Any good books giving overview on fetishes? Theories on why/how they come about, their relation and distinction from seemingly non-fetish desires and so on?

>> No.8560371

A Billion Wicked Thoughts isn't exactly what you're looking for but it's pretty close. It's a book on the hows and whys of human sexuality, using internet pornography and AOL as the prime data sources.

>> No.8560595

>>8559895

A classic book on this topic (which I hope to read someday) is Psychopathia Sexualis, a late 19th century clinical text which acts as a catalogue of deviant sexuality and fetishes, which was written by one Doctor whose name is Krafft-Ebing:

https://en.wikipedia.org/wiki/Richard_von_Krafft-Ebing#Principal_work

https://archive.org/details/psychopathiasexu00krafuoft

For a catalogue of the book's actual content, see especially pages XII-XIII in the front matter of the lower link. Krafft-Ebing's book seems to have popularized (if not coined) the modern meanings of sadism and masochism, as well as presenting a clinical exposition of homosexuality. Add to these the fetishes for missing body parts (amputees), shoe and foot fetishism, "material/texture" fetishism (fur, gloves, etc), zoosadism, necrophilia, bestiality and bondage, and you have a pretty good survey of deviant human sexuality, which includes certain common fetishes.

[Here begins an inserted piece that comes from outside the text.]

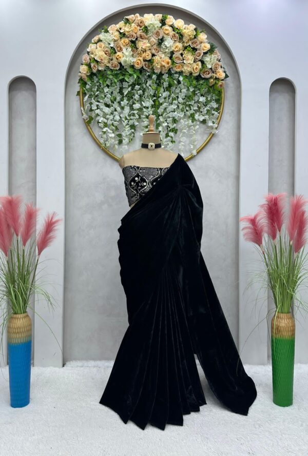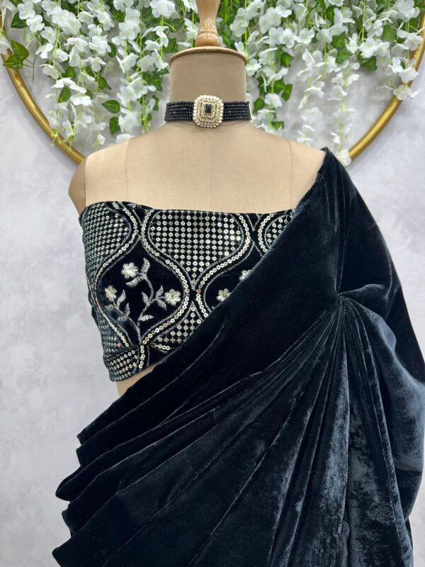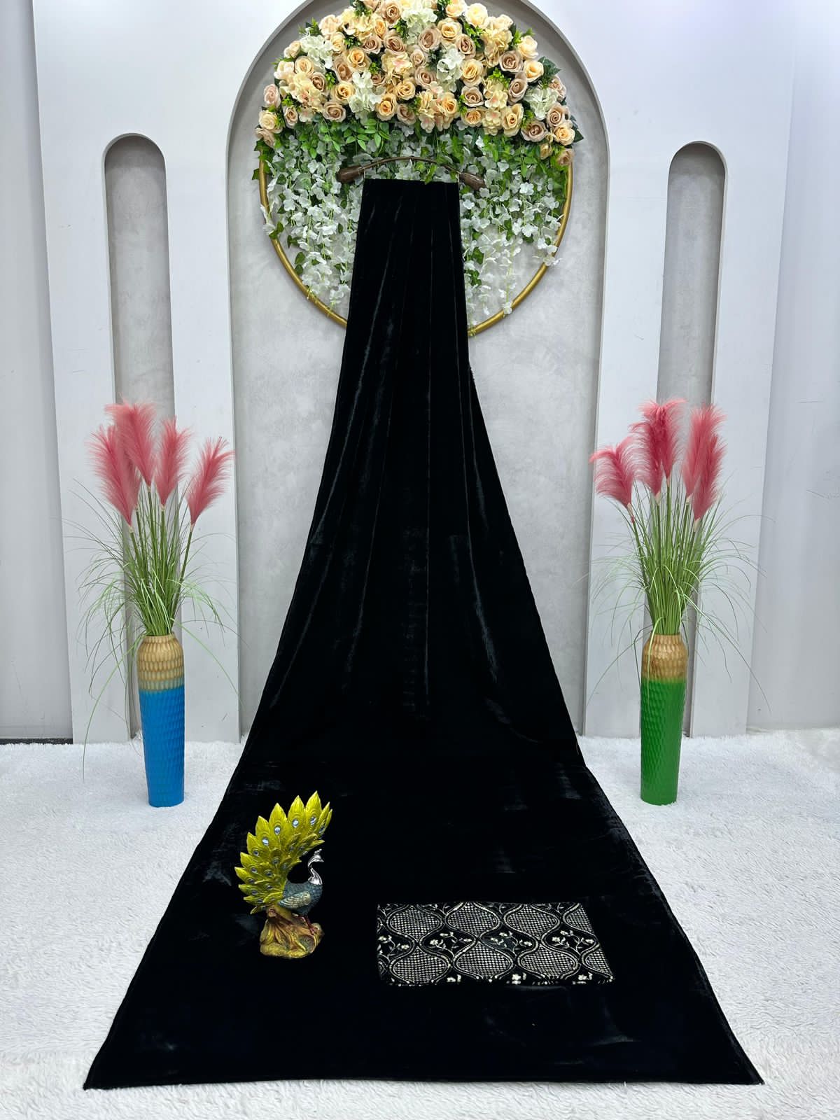 Beautiful Designer Saree on 9000 Velvet Fabric and Blouse on also 9000 Velvet Fabric with Sequence work.

The sex columnist Dan Savage has suggested (and this is something that I agree with) that /some/ fetishes are cultural, but things like the foot fetish are just so common that they seem to pervade human culture. For example (this is an example that Savage once cited), there was a big 19th-century fetish about handkerchiefs. Women using them, carrying them around, things like that. The transgressive part is apparently where the fetishist would steal a young woman's handkerchief as a trophy of conquest, or piece of fap-material (not unlike a panty-raid)- see the contents, again, for mention of this. One doesn't really hear of such a fetish nowadays, as the kerchief is not nearly as common an instrument in everyday life.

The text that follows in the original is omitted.